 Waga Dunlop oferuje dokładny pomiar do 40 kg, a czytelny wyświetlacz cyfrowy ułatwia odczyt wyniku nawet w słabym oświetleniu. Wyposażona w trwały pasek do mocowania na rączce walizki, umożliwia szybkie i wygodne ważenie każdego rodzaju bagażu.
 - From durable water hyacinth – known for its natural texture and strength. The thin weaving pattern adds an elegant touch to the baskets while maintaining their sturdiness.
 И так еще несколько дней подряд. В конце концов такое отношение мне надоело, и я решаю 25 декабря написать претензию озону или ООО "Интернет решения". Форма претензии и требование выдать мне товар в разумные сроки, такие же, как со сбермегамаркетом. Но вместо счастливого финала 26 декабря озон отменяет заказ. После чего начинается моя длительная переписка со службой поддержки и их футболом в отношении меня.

-------------------------

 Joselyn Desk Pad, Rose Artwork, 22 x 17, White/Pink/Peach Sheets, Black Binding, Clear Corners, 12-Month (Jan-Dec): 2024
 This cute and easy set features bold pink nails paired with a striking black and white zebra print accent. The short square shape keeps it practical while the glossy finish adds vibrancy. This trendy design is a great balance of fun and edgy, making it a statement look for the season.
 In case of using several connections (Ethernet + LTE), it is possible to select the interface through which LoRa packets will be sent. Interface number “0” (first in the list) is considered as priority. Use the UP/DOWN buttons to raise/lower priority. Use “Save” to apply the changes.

-------------------------

— TASK DETAILS —
Search the entries for "while" and show every line that has it.

— EXERCISE RESULT —
 - From durable water hyacinth – known for its natural texture and strength. The thin weaving pattern adds an elegant touch to the baskets while maintaining their sturdiness.
 This cute and easy set features bold pink nails paired with a striking black and white zebra print accent. The short square shape keeps it practical while the glossy finish adds vibrancy. This trendy design is a great balance of fun and edgy, making it a statement look for the season.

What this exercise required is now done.